### EXTRACTED INFORMATION
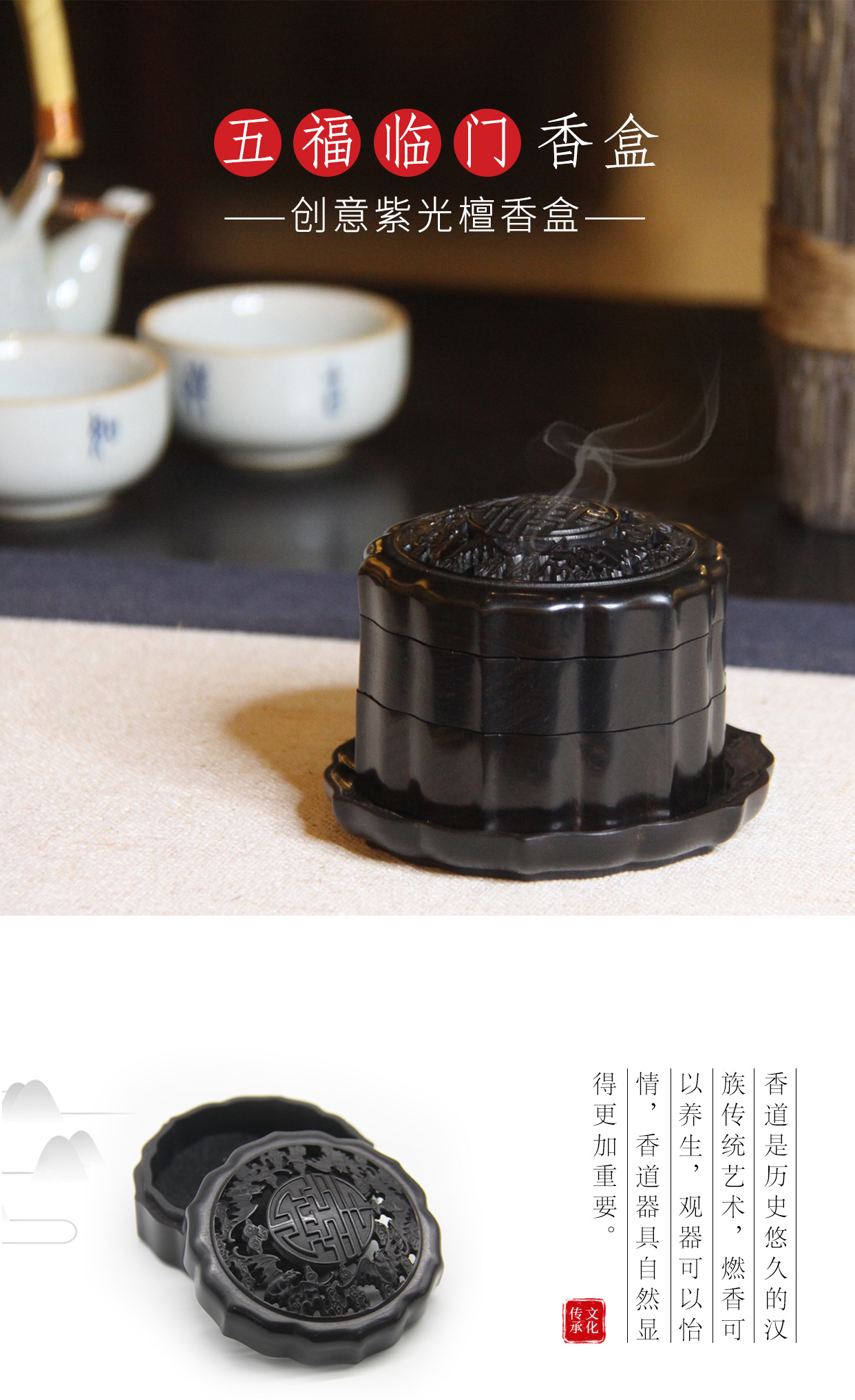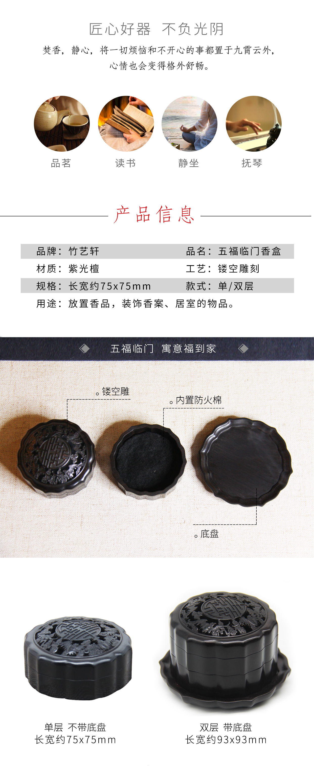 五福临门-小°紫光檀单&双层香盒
...
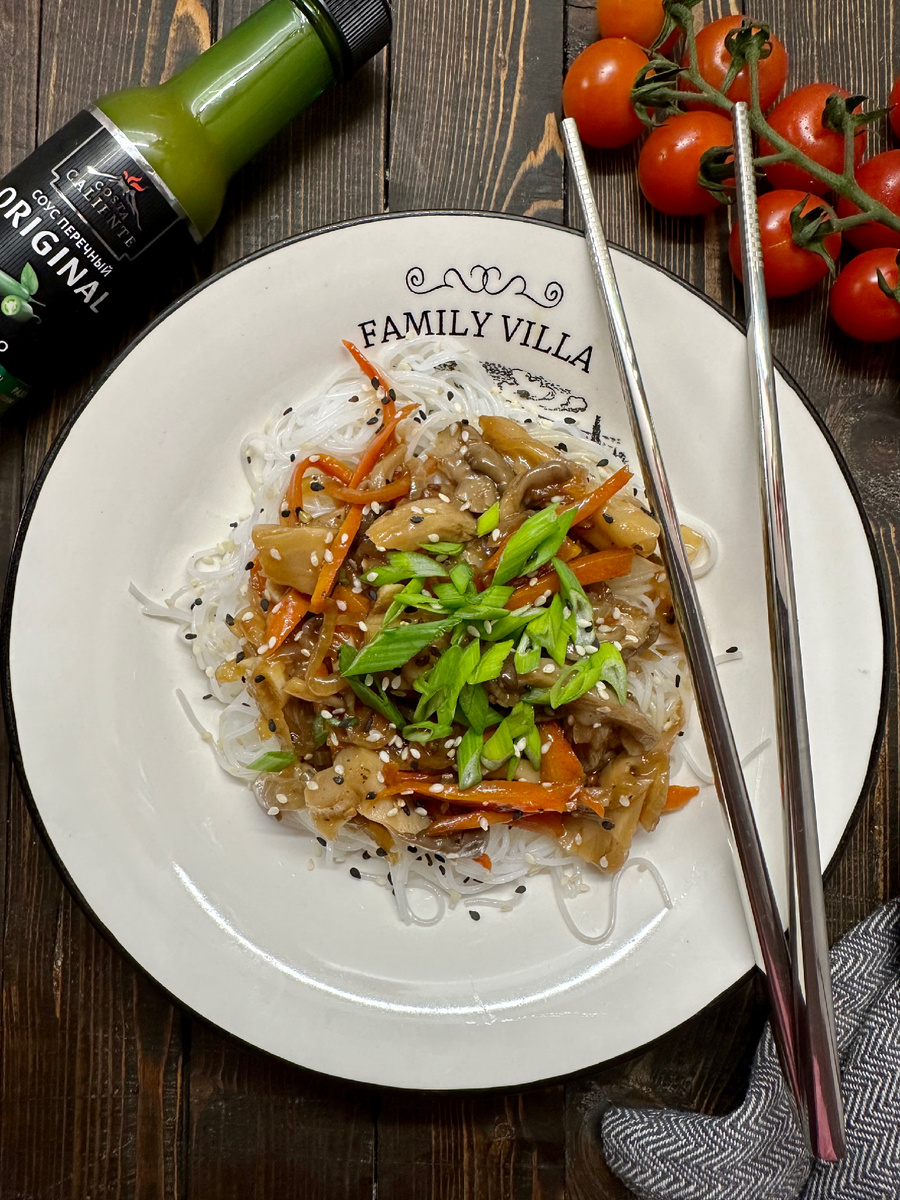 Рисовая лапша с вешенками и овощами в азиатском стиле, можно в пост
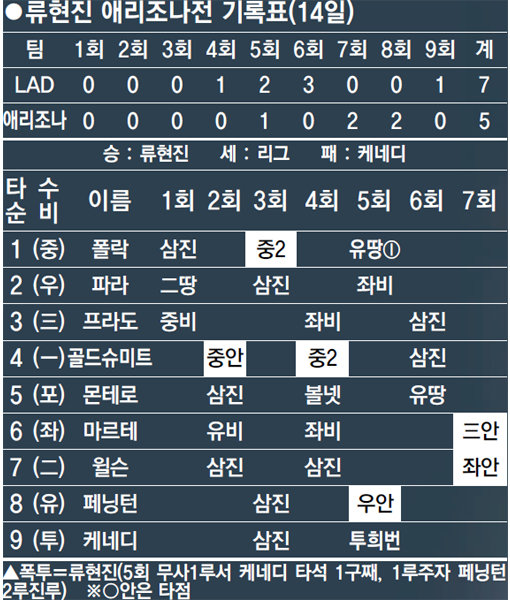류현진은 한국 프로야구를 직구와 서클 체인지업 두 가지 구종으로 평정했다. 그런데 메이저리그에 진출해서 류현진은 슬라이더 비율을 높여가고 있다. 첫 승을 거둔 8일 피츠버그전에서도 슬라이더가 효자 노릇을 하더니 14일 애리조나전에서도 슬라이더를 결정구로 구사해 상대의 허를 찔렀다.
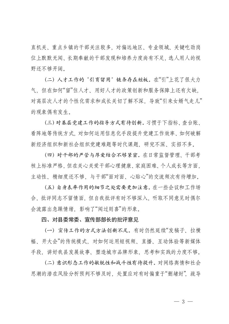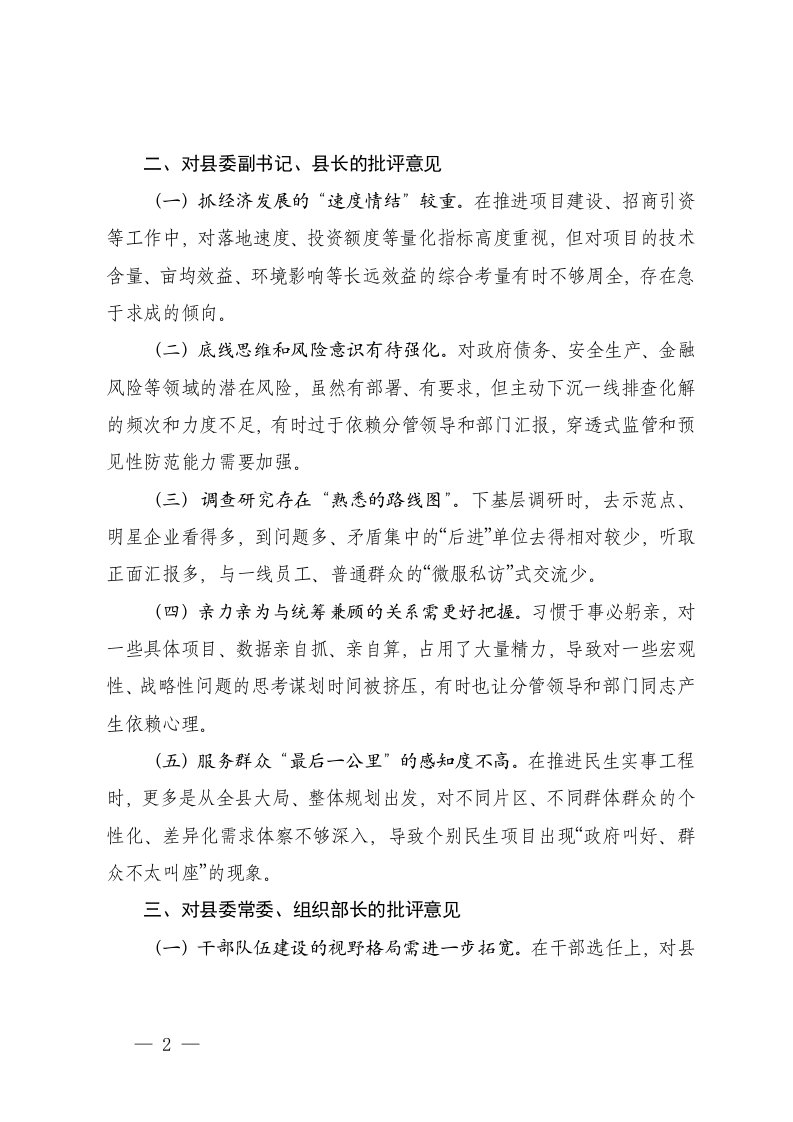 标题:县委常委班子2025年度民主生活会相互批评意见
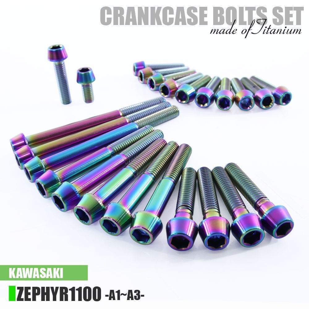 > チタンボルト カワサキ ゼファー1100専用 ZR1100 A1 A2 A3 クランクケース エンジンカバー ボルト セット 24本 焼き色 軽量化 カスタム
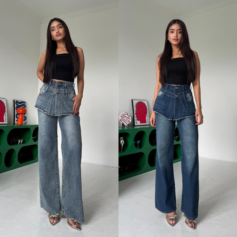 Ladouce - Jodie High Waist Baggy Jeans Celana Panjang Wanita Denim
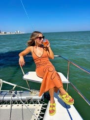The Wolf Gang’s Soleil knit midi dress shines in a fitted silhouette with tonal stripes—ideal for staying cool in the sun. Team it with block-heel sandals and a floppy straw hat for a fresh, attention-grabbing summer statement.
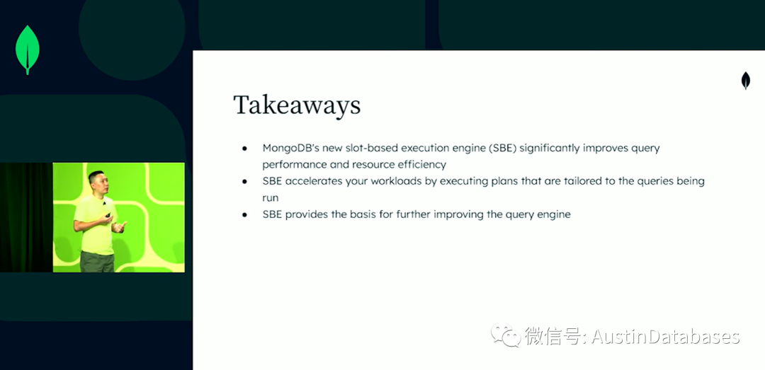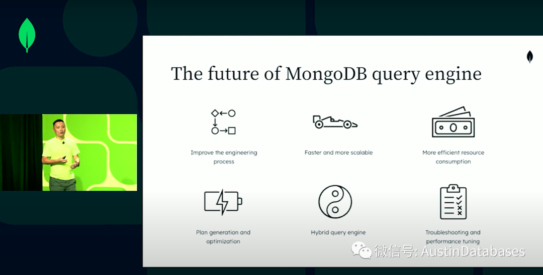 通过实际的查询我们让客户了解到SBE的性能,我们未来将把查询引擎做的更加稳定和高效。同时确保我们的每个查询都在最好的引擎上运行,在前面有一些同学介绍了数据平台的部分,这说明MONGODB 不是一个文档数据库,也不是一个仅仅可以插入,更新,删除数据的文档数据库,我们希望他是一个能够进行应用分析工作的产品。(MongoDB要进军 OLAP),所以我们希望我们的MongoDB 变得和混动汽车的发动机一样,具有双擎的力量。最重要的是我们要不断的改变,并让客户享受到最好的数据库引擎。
--
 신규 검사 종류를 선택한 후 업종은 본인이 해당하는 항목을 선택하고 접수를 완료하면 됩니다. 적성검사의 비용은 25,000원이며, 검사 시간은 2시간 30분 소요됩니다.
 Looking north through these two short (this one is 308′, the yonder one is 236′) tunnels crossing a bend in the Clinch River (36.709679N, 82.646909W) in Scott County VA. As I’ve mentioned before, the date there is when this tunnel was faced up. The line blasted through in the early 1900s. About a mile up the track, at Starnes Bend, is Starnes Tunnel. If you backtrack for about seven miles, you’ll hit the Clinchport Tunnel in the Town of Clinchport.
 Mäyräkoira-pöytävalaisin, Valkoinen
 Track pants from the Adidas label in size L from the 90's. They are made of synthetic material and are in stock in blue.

### WORK REQUIRED
Each line above that falls between the line with "Рисовая лапша с" and the line with "Ladouce - Jodie" should be printed exactly, together with those two lines, but the pictures should not.

### EXERCISE RESULT
 Рисовая лапша с вешенками и овощами в азиатском стиле, можно в пост
류현진은 한국 프로야구를 직구와 서클 체인지업 두 가지 구종으로 평정했다. 그런데 메이저리그에 진출해서 류현진은 슬라이더 비율을 높여가고 있다. 첫 승을 거둔 8일 피츠버그전에서도 슬라이더가 효자 노릇을 하더니 14일 애리조나전에서도 슬라이더를 결정구로 구사해 상대의 허를 찔렀다.
 标题:县委常委班子2025年度民主生活会相互批评意见
 > チタンボルト カワサキ ゼファー1100専用 ZR1100 A1 A2 A3 クランクケース エンジンカバー ボルト セット 24本 焼き色 軽量化 カスタム
 Ladouce - Jodie High Waist Baggy Jeans Celana Panjang Wanita Denim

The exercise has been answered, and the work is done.